Copy the following into `week14.py`:

In [22]:
def personal_assistant(lang, filename):
    if lang=="en":
        keywords = ["what time", "joke", "calendar", "I'm sorry, I didn't understand you"]
    elif lang=="ja":
        keywords = ["何時","冗談","カレンダー","すみません、よくわかりませんでした"]
    elif lang=="zh":
        keywords = ["几奌","玩笑","日历","对不起，我没听懂你的话"]
    else:
        speech_package.synthesize("I don't know that language!","en",filename)
        return

    inp = speech_package.recognize_microphone(lang)
    if keywords[0] in inp:
        what_time_is_it(lang, filename)
    elif keywords[1] in inp:
        tell_me_a_joke(lang, filename)
    elif keywords[2] in inp:
        show_me_my_calendar(lang, filename)
    else:
        speech_package.synthesize(keywords[3], lang, filename)

Now let's try running the personal assistant:

In [28]:
importlib.reload(week14)

week14.personal_assistant("ja", "test.mp3")
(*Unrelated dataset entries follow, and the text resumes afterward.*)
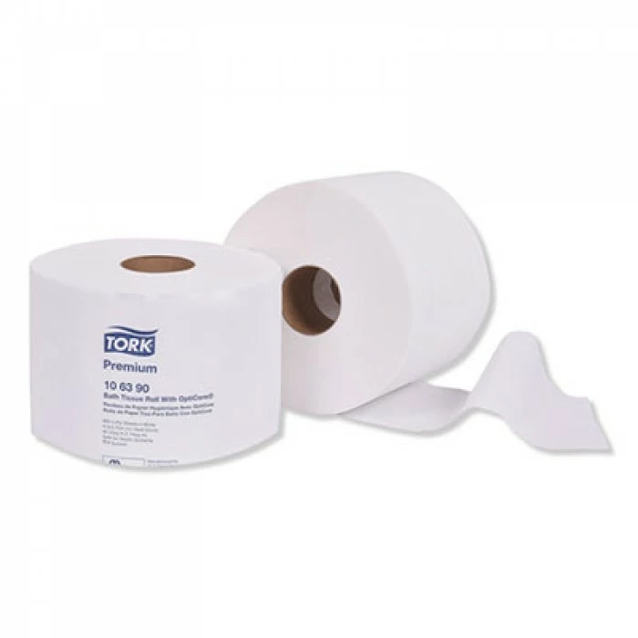 A must-have in high-traffic public restrooms, the Premium 2-Ply Bath Tissue Roll with OptiCore offers a unique combination of capacity, waste reduction, and quality. Featuring a 2-ply thickness and an attractive floral embossing pattern, this product is strong and highly absorbent, perfect for a variety of wiping tasks.
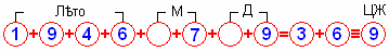 * Правильнее говорить «цифра жизни», потому что мы пишем по-современному, т.е. цифрами, а не числами (числа записывают буквами или рунами, тьрагами). Пример: 9 июля 1946 года (1+9+4+6+0+7+0+9 = 3+6 = 9) * В пустых кругах нули: месяц 07, день 09. В конце знак соответствия. 1 – Точка опоры. Человек, на которого можно положиться, который для достижения цели берёт всё на себя, решает всё сам. 2 – Таран. Человек, который идет напролом к своей цели, невзирая ни на какие препятствия. Достижение цели для него важнее всего, может и закон нарушить. Для таких людей есть выражение: «цель оправдывает средства». 3 – Мужское начало. Мужественный человек, стойко переносящий любые невзгоды, любящий покровительствовать и устраивать вокруг себя доброжелательную
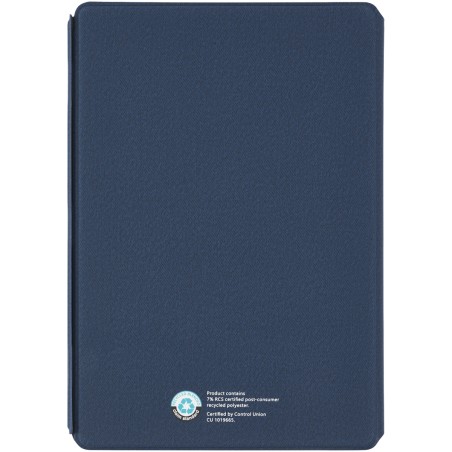 Le porte-documents Notu certifié RCS est partiellement fabriqué à partir de polyester recyclé post-consommation, ce qui en fait un choix plus durable, puisqu'il contribue à réduire l'utilisation de matières premières vierges. Il est doté d'une fermeture aimantée, d'une pochette accordéon et de 64 feuilles lignées de couleur crème avec du papier recyclé de 80 g/m2 provenant de sources durables.
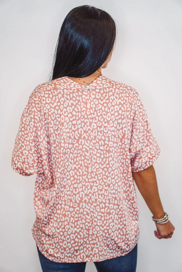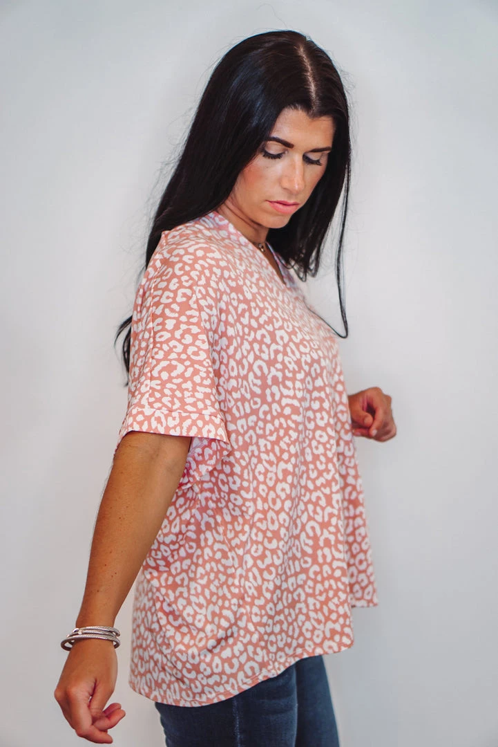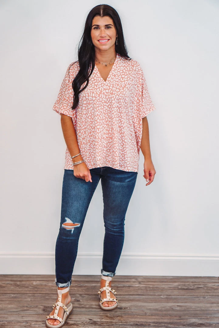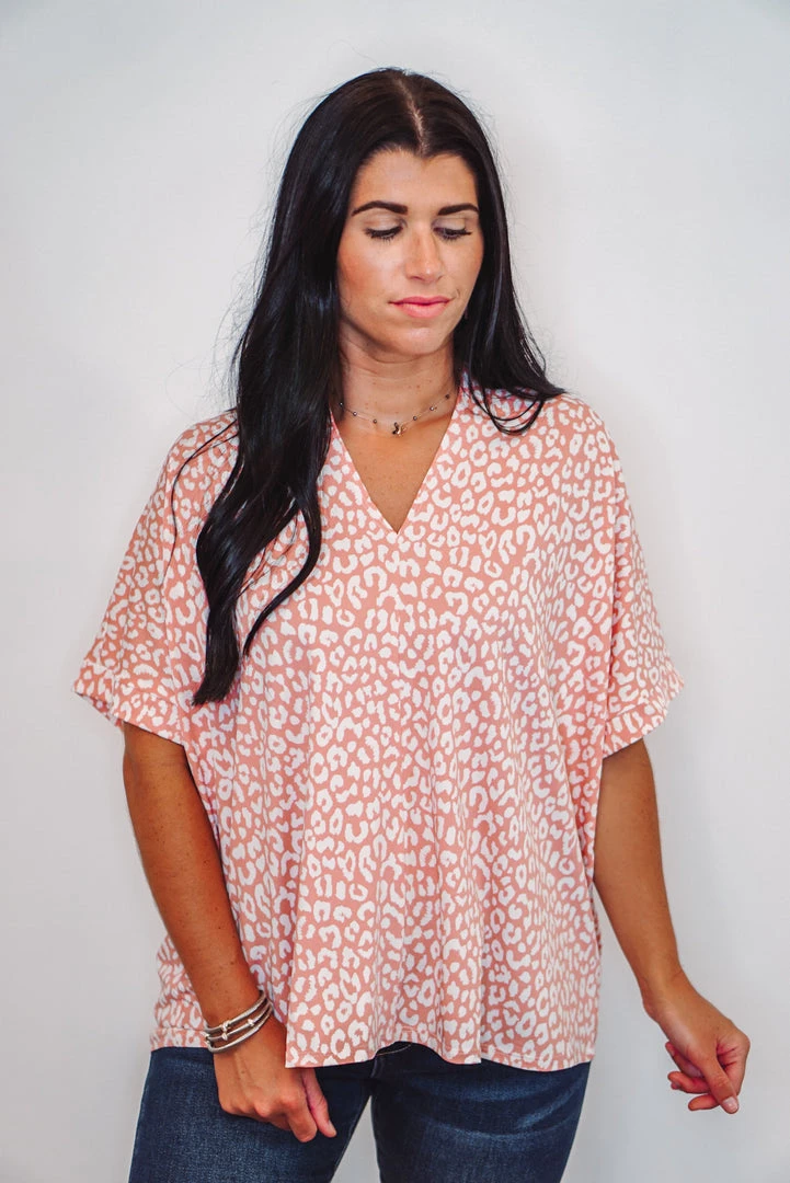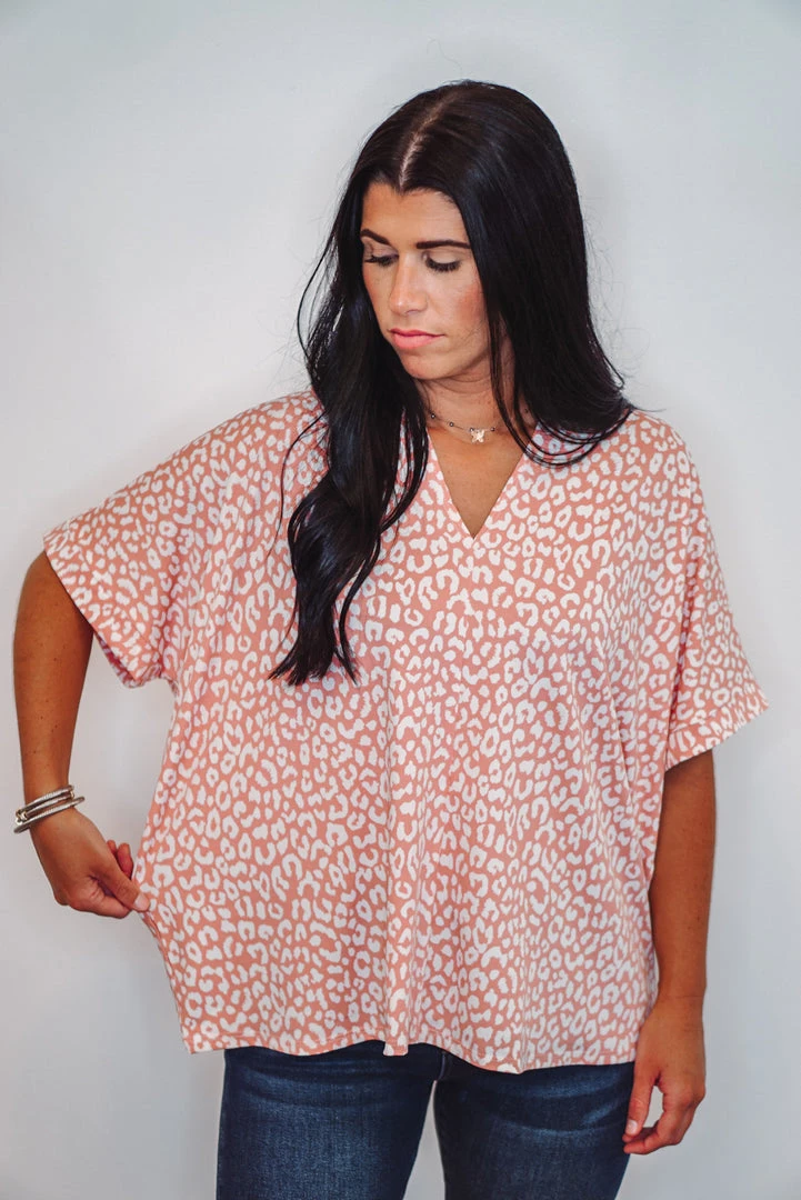 Such a fun boxy top! Salmon leopard print with a V-neckline and short dolman sleeves. Super cute and comfy! Perfect worn long, or with a side tuck for a more fitted look. Dress this one up or down, super cute either way!

x, fs = librosa.load("test.mp3")
IPython.display.Audio(data=x, rate=fs)

Python is listening...
result2:
{   'alternative': [   {'confidence': 0.95782542, 'transcript': 'すみません 今何時ですか'},
                       {'transcript': '見ません 今何時ですか'},
                       {'transcript': 'みません 今何時ですか'}],
    'final': True}




<a id='homework'></a>

## Homework for Week 14

Once you have all of the sections above working, try submitting the file `week14.py` to Gradescope.  If everything in the sections above was successful, then your file should also work in Gradescope.